Exercise:
Any picture in the listing is left out of the copy; all else is duplicated exactly.

Given material:
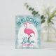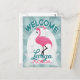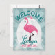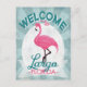 Largo Florida flamingo rosa. En el estilo vintage de los posters de viajes, dice "Bienvenidos a Largo, Florida" en color turquesa rosa, blanco y verde menta.
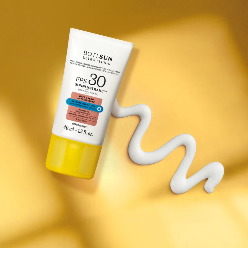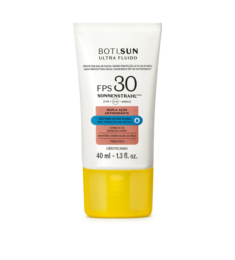 O Protetor Solar Facial Antioxidante FPS 30 Boti.Sun Ultra Fluido será seu aliado na sua rotina diária, promovendo dupla ação antioxidante, de combate e prevenção dos danos dos radicais livres, sendo um poderoso agente contra o envelhecimento precoce, manchas solares e outros efeitos da exposição ao sol.
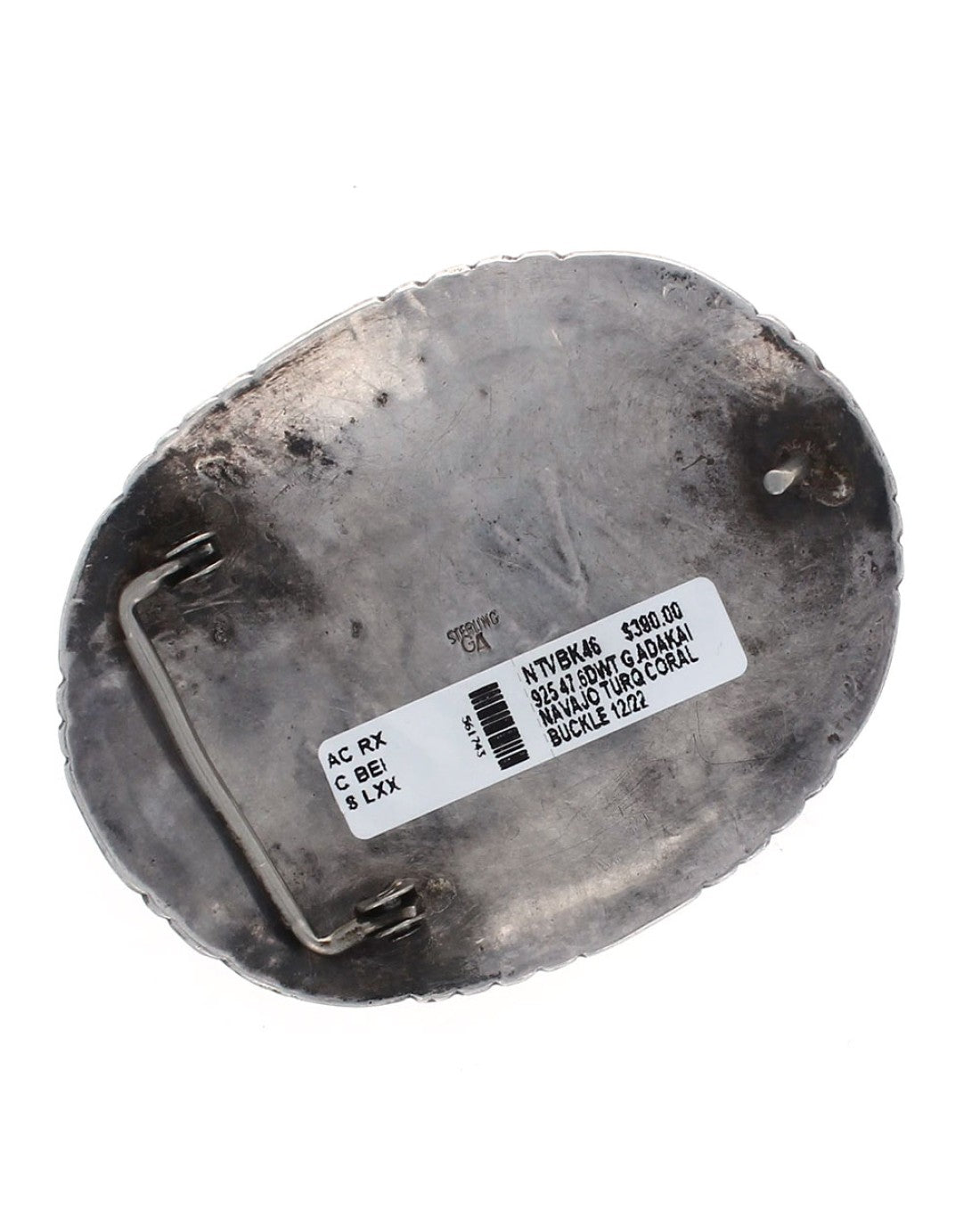Navajo Gilbert Adakai Sterling Silver Turquoise & Coral Buckle

Reply:
 Largo Florida flamingo rosa. En el estilo vintage de los posters de viajes, dice "Bienvenidos a Largo, Florida" en color turquesa rosa, blanco y verde menta.
 O Protetor Solar Facial Antioxidante FPS 30 Boti.Sun Ultra Fluido será seu aliado na sua rotina diária, promovendo dupla ação antioxidante, de combate e prevenção dos danos dos radicais livres, sendo um poderoso agente contra o envelhecimento precoce, manchas solares e outros efeitos da exposição ao sol.
Navajo Gilbert Adakai Sterling Silver Turquoise & Coral Buckle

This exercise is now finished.